Pencil. I've made enough mistakes writing things in that I use pencil. Guess I'm screwed.


----------



## 480sparky (Feb 1, 2009)

KennMacMoragh said:


> That's because it makes it look like you wrote the whole thing the day before you went to court instead of every day. I had a boss who would look for the same thing on our time sheets. He said "No one ever keeps the same pen!"


Even if I had used a different pen, it would have come out the box of 50 I bought at Office Depot.


----------



## [email protected] (Jan 3, 2014)

griz said:


> Daily Log SOP on commercial jobs and large residential projects.
> 
> Provides a record of weather, deliveries, discrepancies/issues that arise, inspections, who's on the job with what man power, change orders/RFI's/RFP's and daily progress.
> 
> Invaluable for preventing/resolving disputes or concerns that may come up.


Griz, would you mind sharing yours, or who/where you get yours, within the last six months I have gone from mainly residential to mainly commercial, and im starting to get into jobs that are quite large for my company. I really need something like this.


----------



## griz (Nov 26, 2009)

[email protected] said:


> Griz, would you mind sharing yours, or who/where you get yours, within the last six months I have gone from mainly residential to mainly commercial, and im starting to get into jobs that are quite large for my company. I really need something like this.


Do a Google search "Construction Log Books" and look around.

Pretty sure I used this one on the last job:

http://www.logbooks.com/logbooks_pro.php?category_id=29


----------



## [email protected] (Jan 3, 2014)

griz said:


> Do a Google search "Construction Log Books" and look around.
> 
> Pretty sure I used this one on the last job:
> 
> http://www.logbooks.com/logbooks_pro.php?category_id=29


Thats what I immediately did, figured id ask what you used for a point of interest.

Google is my *****, its the first thing I do when I want info on something. Having a point of reference as to the quality of what you find on google is always good as well.

As the saying goes, "I could get a good look at a bulls ass by sticking my hand up it, but id rather take the butchers word for it."


----------



## aptpupil (Jun 12, 2010)

I just have an excel document that I print out. 
Columns for: date, customer, address (for mileage tracking), hours on site, job description, materials used and supplies needed to complete job for next visit. Pretty simple. If I wanted to track it online I could make it into a google spreadsheet and do it that way, but I like writing it out by hand.


----------



## smalpierre (Jan 19, 2011)

480sparky said:


> However you record it, make sure the method will stand up in court.
> 
> Punched pages in a 3-ring binder ain't gonna cut it.
> 
> ...


How is the log book better?


----------



## 480sparky (Feb 1, 2009)

smalpierre said:


> How is the log book better?


Anything where you can pull a page out and replace it won't stand up in court. Period.
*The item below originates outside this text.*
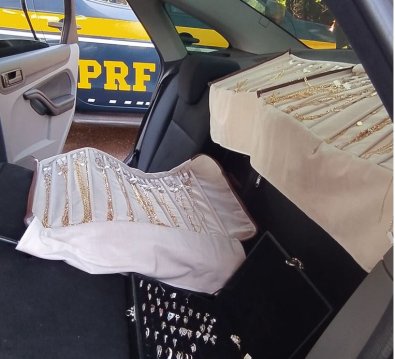 Diante disso, foi realizada uma busca mais detalhada no veículo, vindo a ser encontrado um fundo falso no banco traseiro, o qual foi aberto com ajuda do motorista. Dentro do compartimento havia grande quantidade de joias em ouro.

3-ring binders, spiral-bound, etc. would get tossed out in half a heartbeat. Only a _permanently bound_ book can be submitted as evidence.


----------



## smalpierre (Jan 19, 2011)

480sparky said:


> Anything where you can pull a page out and replace it won't stand up in court. Period.
> 
> 3-ring binders, spiral-bound, etc. would get tossed out in half a heartbeat. Only a _permanently bound_ book can be submitted as evidence.
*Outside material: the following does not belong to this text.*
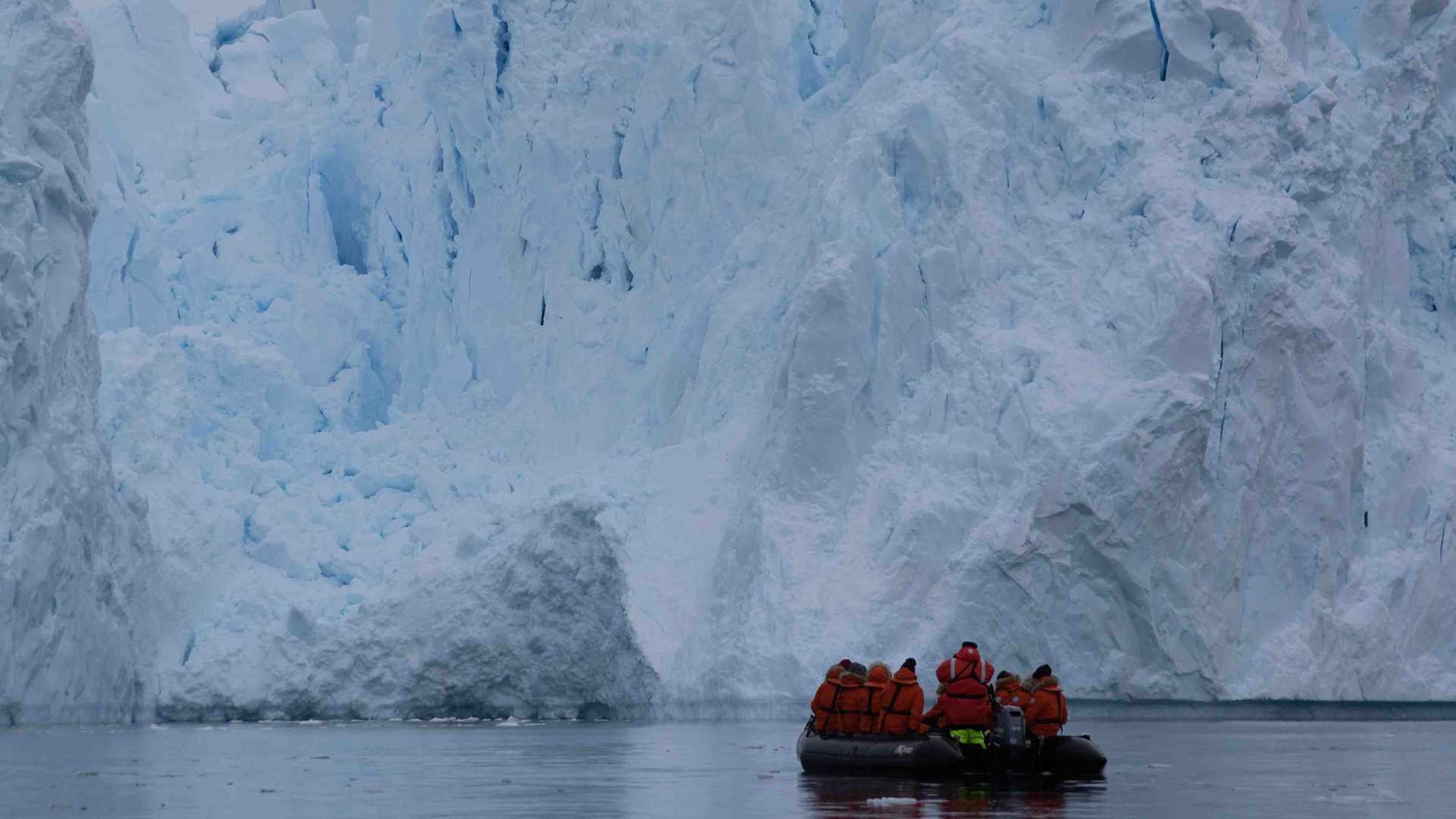 An early wake-up call alerted us to what awaited outside for our blurry eyes. Mugs of coffee were gathered as people moved to viewpoints around the ship, which had been in the breezy, southern part of the Gerlache Strait earlier. Now it was passing through the Ferguson Channel, one of the entrances between various islands ending in the bay called Paradise Harbor, a name given by 19th-century whalers because it is protected from winds in almost every direction. That was the case when we finally got into the main part of the bay. High mountains and glaciers surrounded the landscape with masses of ice flowing down the steep sides or hanging on the ridges and peaks.

I see where that's coming from, but what's to prevent someone from keeping two sets of books, or reproducing the book later in an altered form?

Spiral bound doesn't work for them? I wouldn't think you could get pages back in those, but I've never tried.


----------



## 480sparky (Feb 1, 2009)

smalpierre said:


> I see where that's coming from, but what's to prevent someone from keeping two sets of books, or reproducing the book later in an altered form?
> 
> Spiral bound doesn't work for them? I wouldn't think you could get pages back in those, but I've never tried.


An entire book would be time-consuming to create. It might be obvious it's a fake.

Spiral bound is out. Too easy to spin the spiral off the book, replace a page, and spin the spiral back in. Easy to do if you're truly motivated, and would only take a couple minutes.


----------



## Leo G (May 12, 2005)

It's been done for decades. One book for the business and one book for the feds.


----------



## smalpierre (Jan 19, 2011)

Leo G said:


> It's been done for decades. One book for the business and one book for the feds.


I believe that's called "cooking the books". It's been done since the dawn of record keeping.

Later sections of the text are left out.